GLBL says their business strategy is to own and operate a portfolio of renewable energy power plants and to pay cash dividends to their stockholders. They have paid dividends twice so far, in November 2015 ($0.1704) and March 2016 ($ 0.275). Current share price stands at $4.75, with performance since inception a dismal -66.07%. GLBL posted major losses in 2015 and their 2016 annual report is not published yet. We can’t help thinking that the Brookfields acquisition premium helped their stock performance greatly.
So what about investing in Brookfield? They’re a giant Canadian firm with assets as follows:
As we can see, Brookfield is hardly a pure play on solar.
The sister company to GLBL, TERP is doing exactly the same but in developed markets. Their current portfolio has close to 3,000 MW capacity, made up of 48% solar and 52% wind power plants. TERP saw an IPO in July 2014 and performance has been -61.68% since inception. Brookfields Asset management acquired a 51% stake in them on 7 March as well.
TERP’s operating income has been stagnating since 2012, and increasing debt financing expenses have pushed the company further in the red in 2014 and 2015. We are interested to see how Brookfields will be able to manage the challenges facing TERP and GLBL, as their fundamentals point to financing issues and recent positive performance comes from a low base after share prices dropped significantly post IPO for both.
With a market cap of $2 billion, ABY owns and manages a portfolio of contracted assets in the power and environment sectors. Their current portfolio is made up of 22 assets generating 1,442 MW of renewable energy, 300 MW of conventional power plus 1,099 miles of electric transmission lines and 10.5 Mft3 per day of water assets.
According to their 2016 annual report, revenues increased by 23% and adjusted EBITDA by 21% while they also decreased debt levels and successfully refinanced the remainder of their debt. Since ABY’s IPO in June 2014, the company has been paying quarterly dividends until November 2015 and restarted in August 2016 after a gap of 2 quarters.
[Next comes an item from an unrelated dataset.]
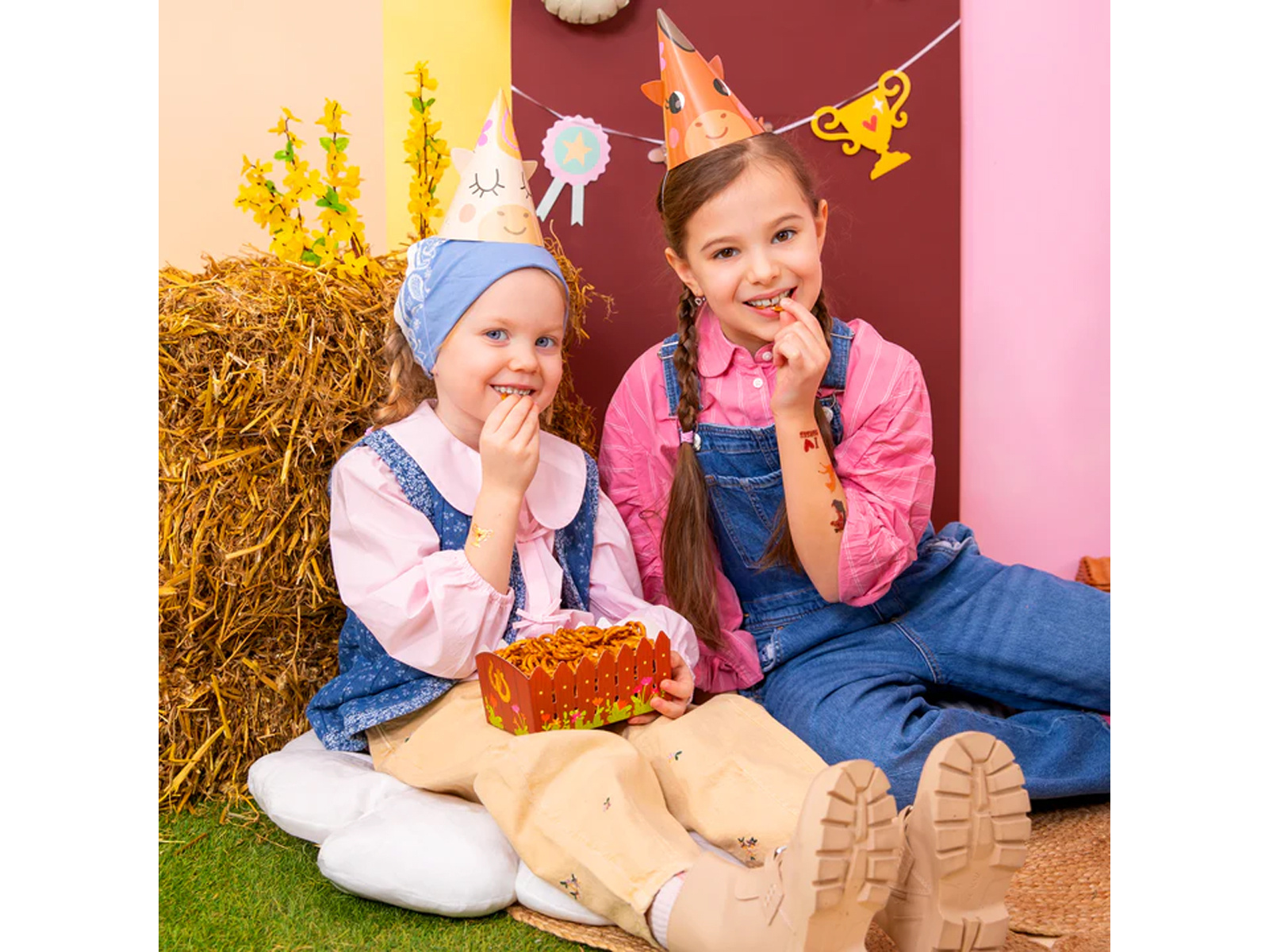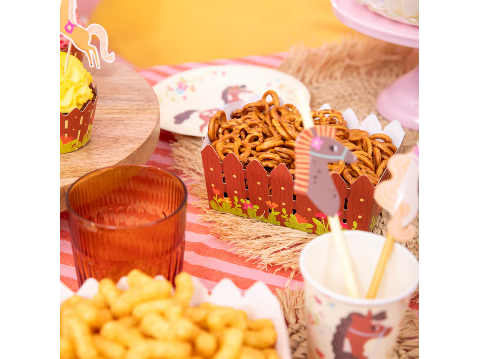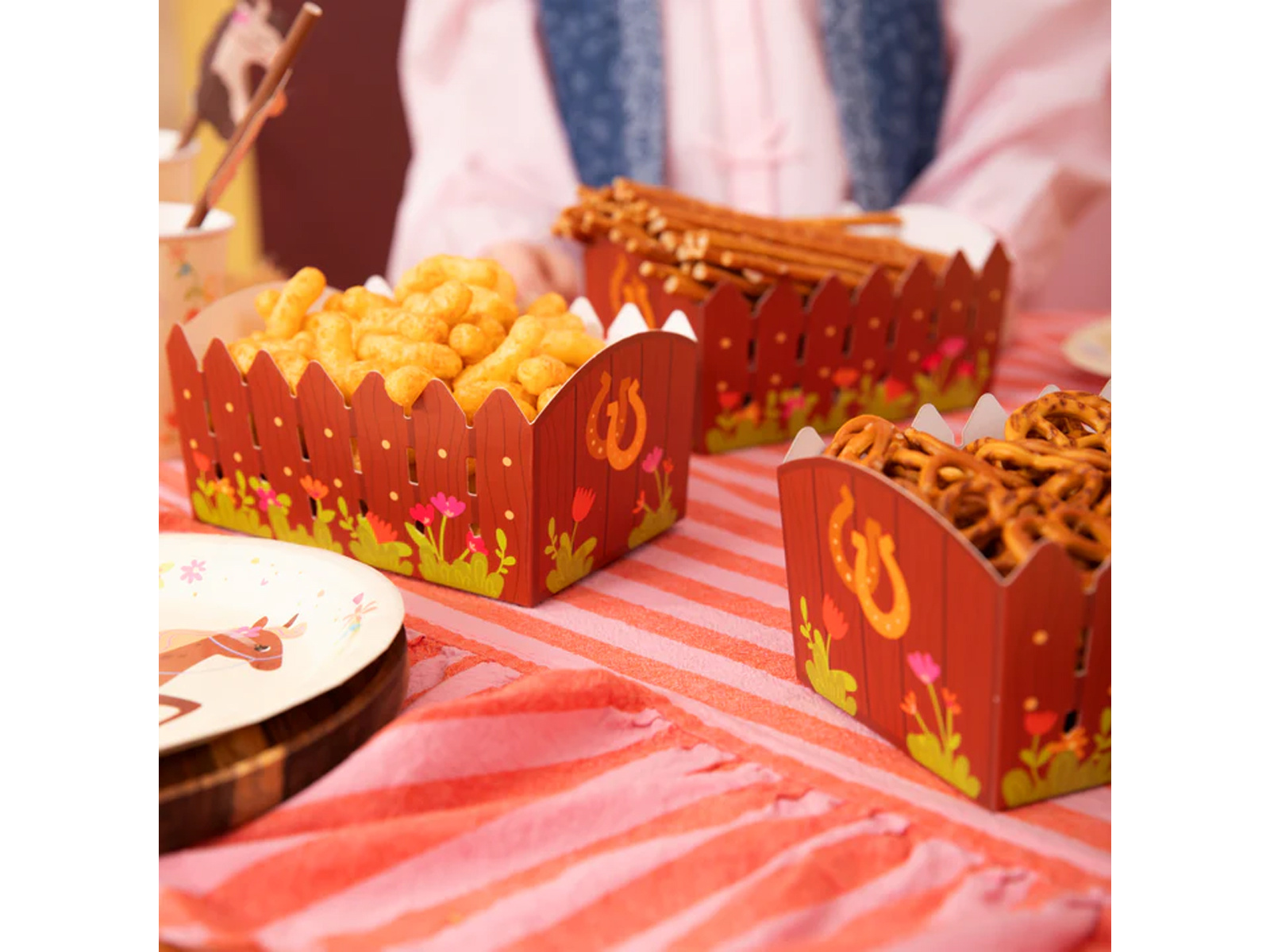 Descoperiți modul perfect de a servi gustări la orice petrecere pentru copii cu cutiile noastre de hârtie "Stable". Concepute cu gândul la micii iubitori de cai, aceste cutii adorabile sunt decorate cu un imprimeu care seamănă cu o ușă de grajd, creând o atmosferă magică la orice petrecere aniversară sau picnic. Fabricat din hârtie, nu sunt doar plăcute din punct de vedere estetic, ci și ecologice.
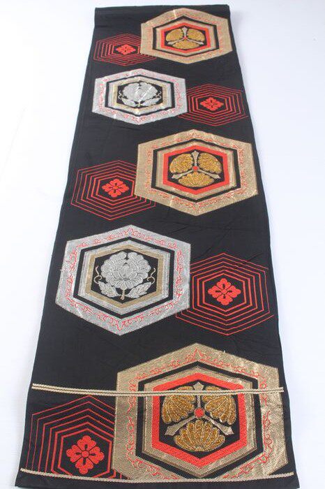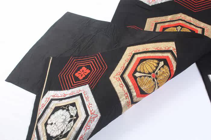 Винтажный древний ретро -ретро Японский японский кимоно -талию запечатывающий стол флаг, висящий шесть золотых и серебряных проволочных ремней A1

Performance since IPO has been -44.89% after their shares suffered a major drop in Q3 2015. Dividend amounts are sporadic and current dividend yield is 4.8%.
Bottom-3 Performers for TAN
Shunfeng International (HKG:1165)
According to their website, Shunfeng International is an integrated photovoltaic service provider engaging in solar power stations constructions and operations, solar products manufacturing as well as solar energy storage. Their interim 2016 report quotes impressive growth, +33% in both solar power generation and solar products sold to third parties. Shunfeng’s power generation capacity stands at 1,589 MW. While revenues and gross profit increased, so did cost of sales, administrative costs and costs attributed to research, resulting in a -68% drop in profits and a -3.7 percentage point drop in profit margin to a mere 1.2%.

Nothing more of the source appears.